## REQUIREMENT
Leave the images out. Give every line below again, precisely.

## SUPPLIED INFORMATION
========================================

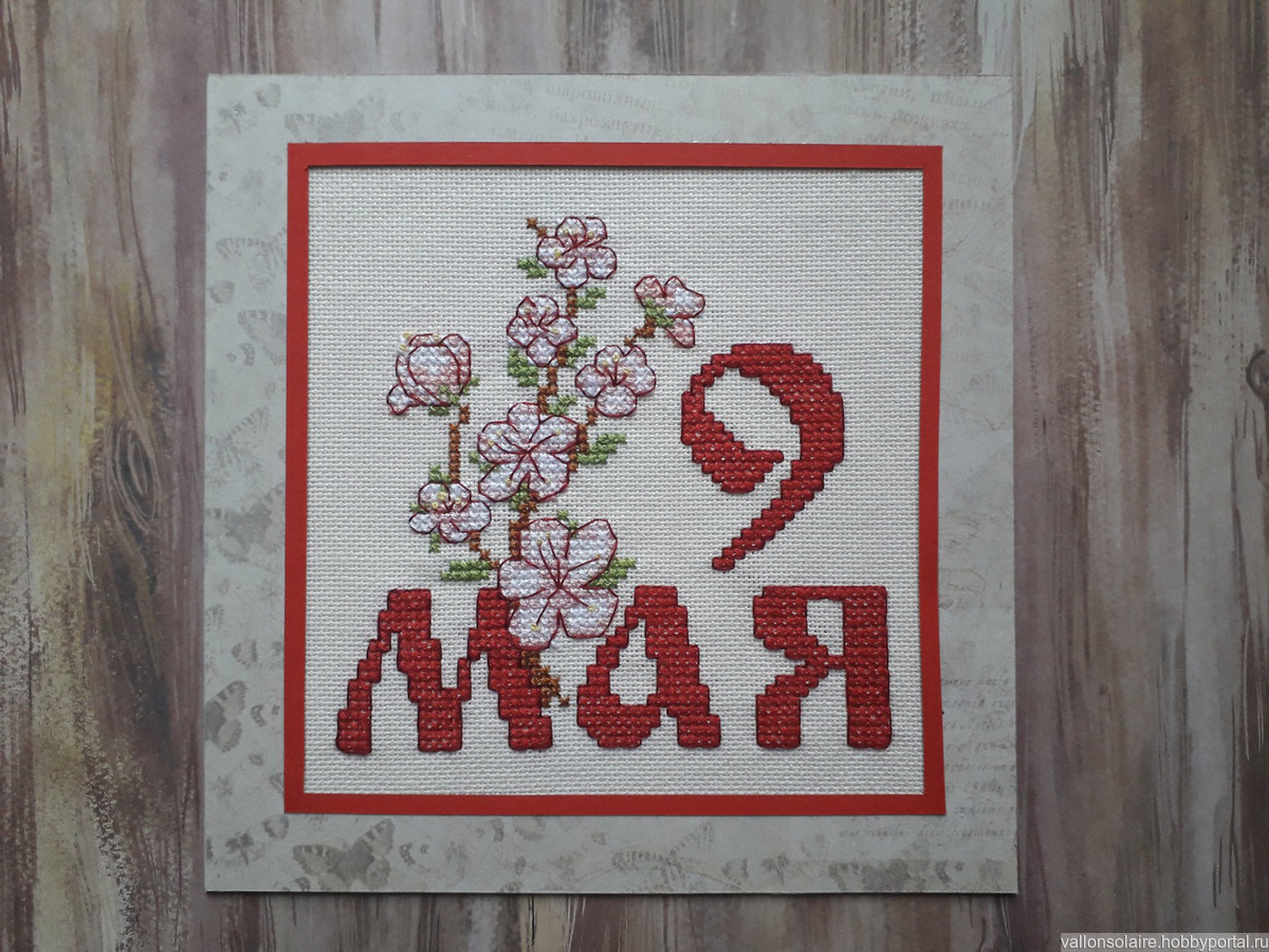 вышивка, подарок ручной работы, 9 мая, открытка, вышивка крестом, ручная вышивка, вышитая картина, открытка ручной работы, вышитая открытка
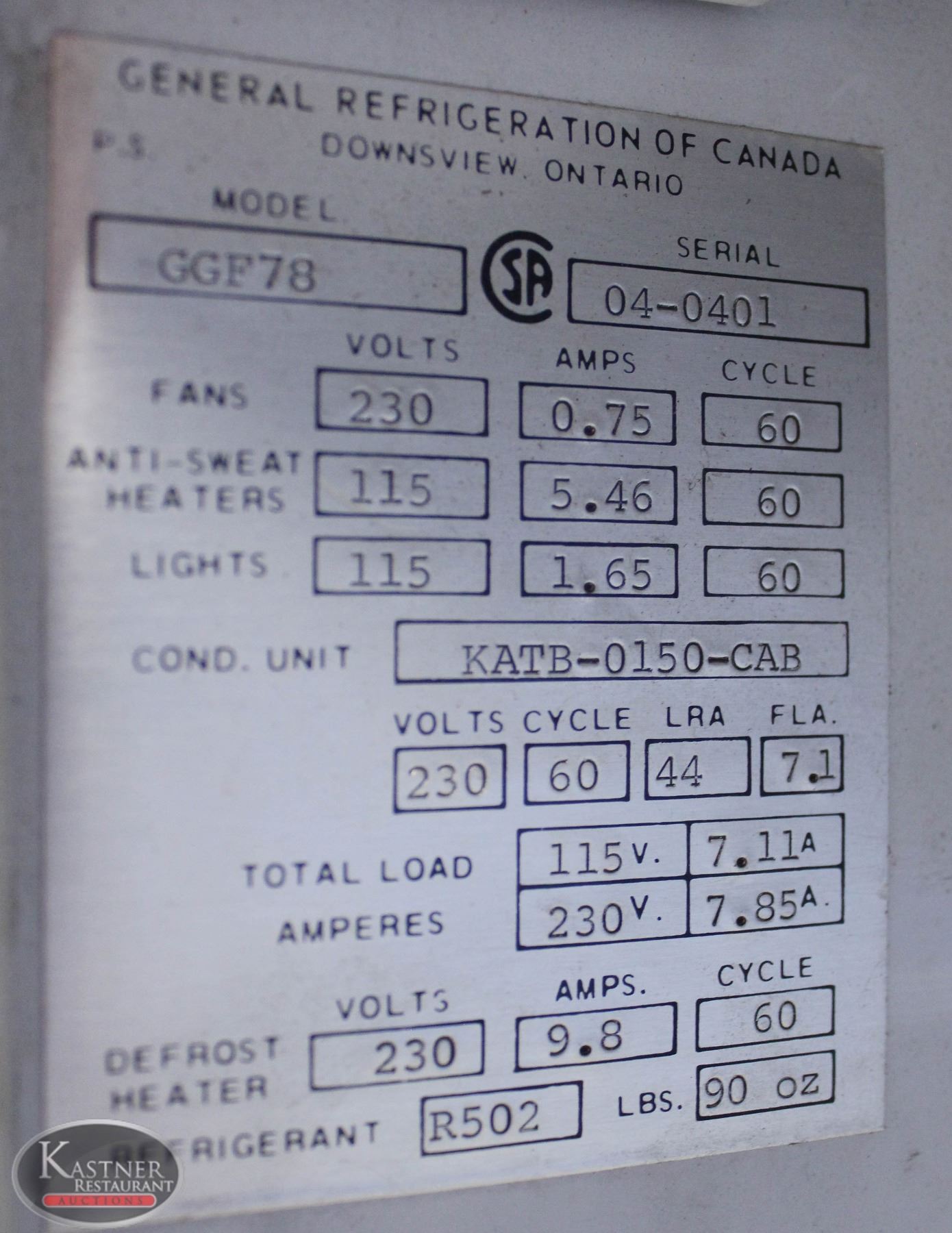 GENERAL REFRIGERATION 3 DOOR COOLER. COMES WITH 9 SHELVES. 82"X30"X77". MODEL#GGF78, FANS: 230V, 0.75 AMP, CYCLE 60. ANTI SWEAT HEATERS: 115V, 5.46 AMP, CYCLE 60. LIGHTS: 115V, 1.65 AMP, CYCLE 60. CONDITIONING UNIT: MODEL# KATB-0150-CAB, 230V, **RIGHT DOOR IS CRACKED SOLD AS IS NO RECONSIGNMENT **
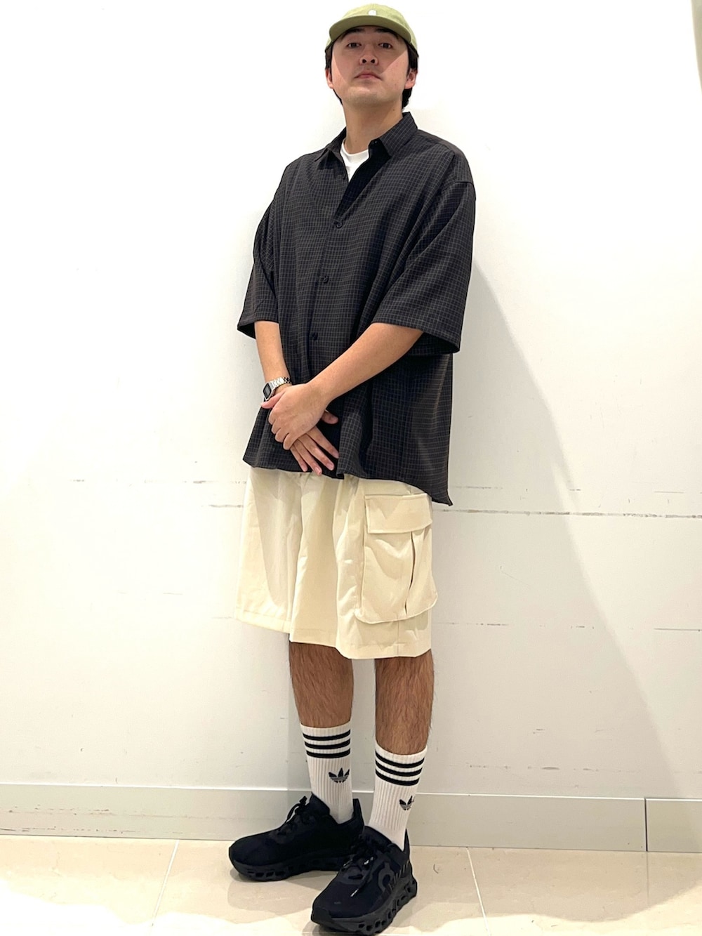 今回はネイビーでワイドシルエットのチェックシャツを夏らしいワイドカーゴショーツで合わせてみました。アクセントにカーハートのキャップをかぶってアウトドアでも過ごせるスタイルです!

========================================

## OUTPUT
 вышивка, подарок ручной работы, 9 мая, открытка, вышивка крестом, ручная вышивка, вышитая картина, открытка ручной работы, вышитая открытка
 GENERAL REFRIGERATION 3 DOOR COOLER. COMES WITH 9 SHELVES. 82"X30"X77". MODEL#GGF78, FANS: 230V, 0.75 AMP, CYCLE 60. ANTI SWEAT HEATERS: 115V, 5.46 AMP, CYCLE 60. LIGHTS: 115V, 1.65 AMP, CYCLE 60. CONDITIONING UNIT: MODEL# KATB-0150-CAB, 230V, **RIGHT DOOR IS CRACKED SOLD AS IS NO RECONSIGNMENT **
 今回はネイビーでワイドシルエットのチェックシャツを夏らしいワイドカーゴショーツで合わせてみました。アクセントにカーハートのキャップをかぶってアウトドアでも過ごせるスタイルです!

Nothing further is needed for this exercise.